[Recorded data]
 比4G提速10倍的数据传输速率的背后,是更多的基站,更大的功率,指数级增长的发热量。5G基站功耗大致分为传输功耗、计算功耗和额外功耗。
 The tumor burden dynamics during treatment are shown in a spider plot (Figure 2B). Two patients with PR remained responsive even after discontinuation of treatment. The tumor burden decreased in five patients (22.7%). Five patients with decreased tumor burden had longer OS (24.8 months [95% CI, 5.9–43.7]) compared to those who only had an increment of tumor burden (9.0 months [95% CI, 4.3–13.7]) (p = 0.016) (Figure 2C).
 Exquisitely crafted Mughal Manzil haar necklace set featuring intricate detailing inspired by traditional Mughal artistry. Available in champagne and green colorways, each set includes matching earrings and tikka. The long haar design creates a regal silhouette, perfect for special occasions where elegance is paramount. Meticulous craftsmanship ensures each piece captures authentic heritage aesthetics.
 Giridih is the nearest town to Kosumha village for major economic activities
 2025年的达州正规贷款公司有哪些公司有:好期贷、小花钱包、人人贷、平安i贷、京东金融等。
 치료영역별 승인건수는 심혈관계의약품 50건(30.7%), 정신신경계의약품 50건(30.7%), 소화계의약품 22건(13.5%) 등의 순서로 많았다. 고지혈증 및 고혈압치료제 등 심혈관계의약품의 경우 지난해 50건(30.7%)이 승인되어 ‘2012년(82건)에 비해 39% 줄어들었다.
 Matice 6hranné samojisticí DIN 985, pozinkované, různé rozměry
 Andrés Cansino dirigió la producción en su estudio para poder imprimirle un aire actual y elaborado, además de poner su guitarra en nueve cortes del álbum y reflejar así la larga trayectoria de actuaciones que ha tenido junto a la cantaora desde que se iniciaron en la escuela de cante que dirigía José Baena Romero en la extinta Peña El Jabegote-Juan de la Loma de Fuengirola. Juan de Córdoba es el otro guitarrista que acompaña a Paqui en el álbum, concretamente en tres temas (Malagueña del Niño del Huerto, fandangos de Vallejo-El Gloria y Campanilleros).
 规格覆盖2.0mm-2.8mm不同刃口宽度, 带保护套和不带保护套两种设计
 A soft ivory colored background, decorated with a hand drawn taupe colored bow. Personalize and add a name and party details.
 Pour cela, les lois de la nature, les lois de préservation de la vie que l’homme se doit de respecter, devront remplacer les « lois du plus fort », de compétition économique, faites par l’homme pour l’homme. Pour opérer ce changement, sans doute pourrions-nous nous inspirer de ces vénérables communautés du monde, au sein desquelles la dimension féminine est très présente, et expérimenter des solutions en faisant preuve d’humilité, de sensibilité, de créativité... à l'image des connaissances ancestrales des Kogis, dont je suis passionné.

--- Problem description ---
When a line contains the string "with", count that line; once every line of the records has been checked, state the count alone.

--- Result of the exercise ---
2